When I was about 7 or 8, I was in Mr Allen’s class.  He was very strict but fair and he went to school with my Dad.  I really liked him as a teacher.  But I just could not learn to spell.  Each week, just I imagine, like every other class in the world, we had to learn 10 spelling words.  One week I was having trouble with a particular word, I can’t even remember what the word was.  My Mum must have been so very frustrated with me, my sister could spell perfectly and I really could not.
 
Anyway the afternoon of the test came around, and I was very nervous, I was sure that I had learnt this word finally.  But in the spelling test, it was not called out.  I was upset as I had worked so hard.  So I wrote it on the page below the test just to prove to myself that I could spell it.  But when I handed my book into my teacher, he accused me of putting it there before the test so that if it was called out that I could cheat.  I was really upset, cause not only was a teacher that I really liked, accusing me of cheating, but was not willing to hear what I had to say.  And I had worked so hard.

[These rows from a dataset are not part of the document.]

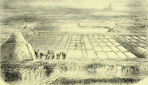 De la vasière, l’eau coule dans un étroit canal, appelé délivre, où. elle est promenée avant d’entrer dans les cobiers. Ceux-ci sont des carrés longs, séparés les uns des autres par de petites chaussées en glaise battue, qui s’élèvent seulement de quelques pouces au-dessus de l’eau; on leur donne le nom de ponts.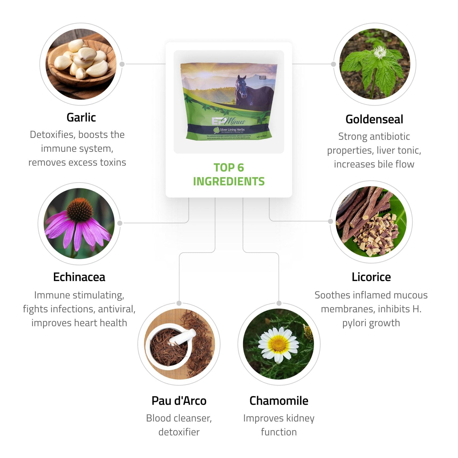 EP Minus is an essential combination of herbs that effectively supports a parasite-free system, supports normal travel patterns and gait, and provides unparalleled support to the central nervous, digestive, and immune systems of horses. It is highly recommended as a must-have for maintaining a healthy and parasite-free system. Moreover, it offers unparalleled support to the immune and digestive systems while ensuring the proper functioning of the central nervous system. Don't wait any longer to give your horse the best possible care - add EP Minus to their regimen today!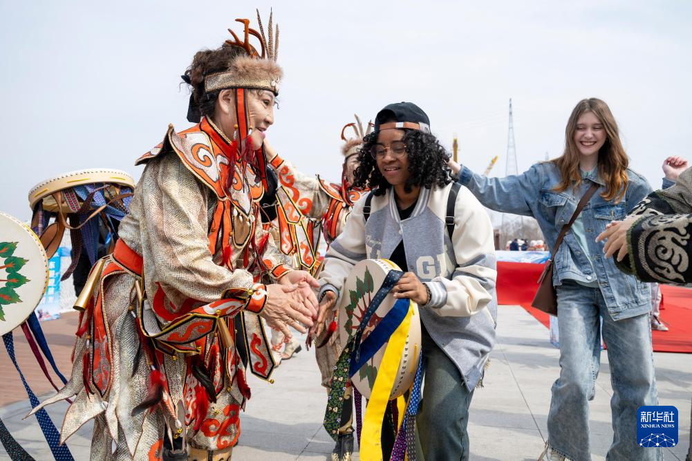 4月12日,在佳木斯市“喊江节”主会场,赫哲族演职人员与外国游客互动。

I remember that afternoon when my Mum came to pick me up, her asking me what was wrong and I didn’t say anything, but making myself scarce when Mr Allen came to chat with the Mums.  I have no idea if he told her or not, but I don’t remember any punishment at school or at home.  But I felt bad that I had been accused of something that I did not do.

These days, I use spell check quite a lot, and am a lot better at spelling.  I still have trouble getting what I want to say down the page fast enough, just like in real life when I can’t say what I want to say fast enough either.  The moral of this story is this – small kids will take what you say to heart and remember it 20 odd years on.  So be careful what you say and make sure that you hear them out.  Oh and that, really, after 20 odd years I should really be over this.